Herculean efforts are being made to understand these younger Americans, once also known as Gen Y, who comprise one-third of the U.S. workforce. Their work ethic, buying habits, goals and general outlook on life have been put under a microscope as the business world — from banks to retailers to Realtors and even opera houses and art galleries — has searched for the best way to understand them and harness their potential buying power.

Who are they? In a 2010 study, the Pew Research Center described millennials — named as such because they are the first generation to come of age in the new millennium — as “confident, self-expressive, liberal, upbeat and open to change.” Further studies done by a variety of sources from Wall Street to universities have shown these Americans to be highly educated, optimistic, less religious, more ethnically diverse and in no hurry to marry or purchase their own home. They want to make a difference in their communities and the world, although not necessarily committing to any long-term projects. According to a 2014 report by the White House Council of Economic Advisers, they are also interested in their quality of life, having time for recreation and working in creative jobs.

It’s hard to generalize a whole generation in just a few descriptive words. And it’s unfair to lump together members of one generation. But there are some stark differences between millennials and those who came before them.

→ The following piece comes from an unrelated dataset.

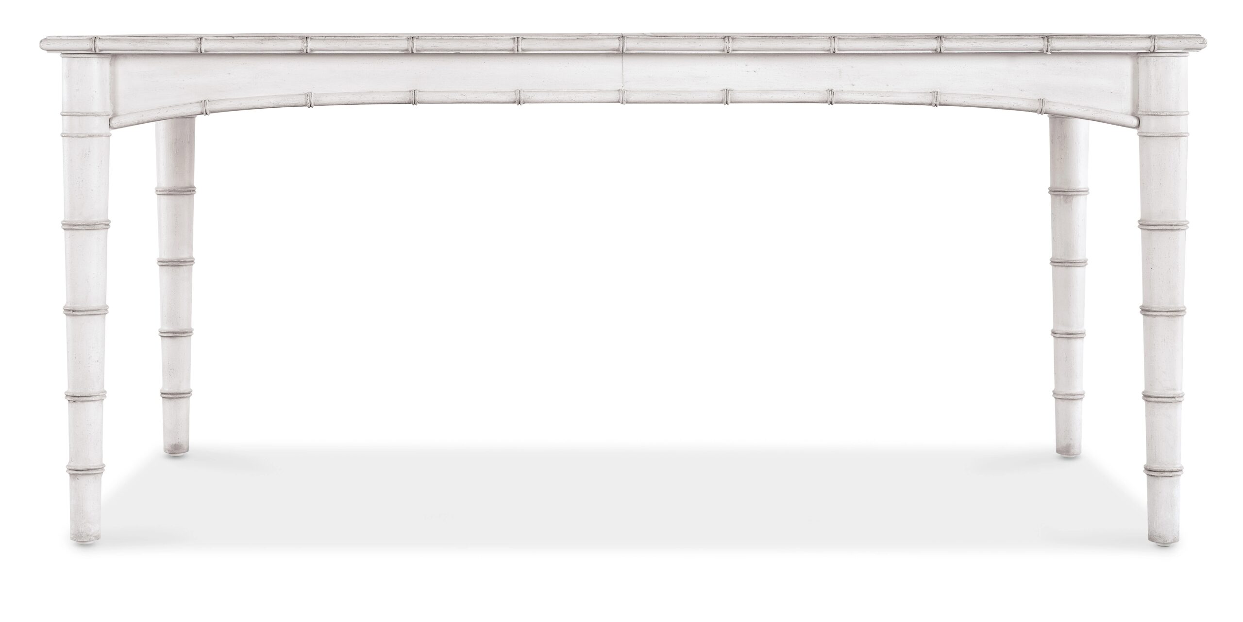 Rectangular dining table with bamboo-motif accents and slender bamboo-style legs, finished in White Heron with a solid-wood edge top. Includes a 20 in. leaf to extend to 88 in. for larger gatherings.

“Baby boomers love a challenge. They are focused on work and achievement,” explains Xuan Tran, an associate professor of hospitality, recreation and resort management at the University of West Florida, who has studied the millennials. “Members of Generation X feel they need more security, so they focus on power. For Generation Y (millennials), if you want to work with them, you need to make sure they can balance between work and family.”


Seeking ‘Fun’ at Work

Michael Houlihan and Bonnie Harvey, founders of Barefoot.

Courtesy of the Barefoot spirit

While their parents and grandparents grew accustomed to strict working hours and often tightly controlled working conditions early in their careers, millennials yearn for a better experience at their workplace. According to a recent report from Accenture, 60 percent of the graduates in the class of 2015 say they would take a pay cut to work for a company with a “positive social atmosphere.”

Michael Houlihan and Bonnie Harvey are the founders of Barefoot, the largest bottled wine brand in the world. In their book, “The Entrepreneurial Culture,” they share the methods and tactics they used to make the company, which has been sold to EJ Gallo, so successful. Their message: It’s a myth that productivity improves when company cultures are rigid, serious and businesslike. The reality is, productivity improves when people enjoy being at work.

At Barefoot, they concentrated on fun, respect for all (regardless of age), philanthropy, flex hours, showing appreciation for a job well done and treating workers as individuals instead of cogs in the machine. And while going to work might not beat a day at the beach, they insist it’s still possible to make time at the office enjoyable.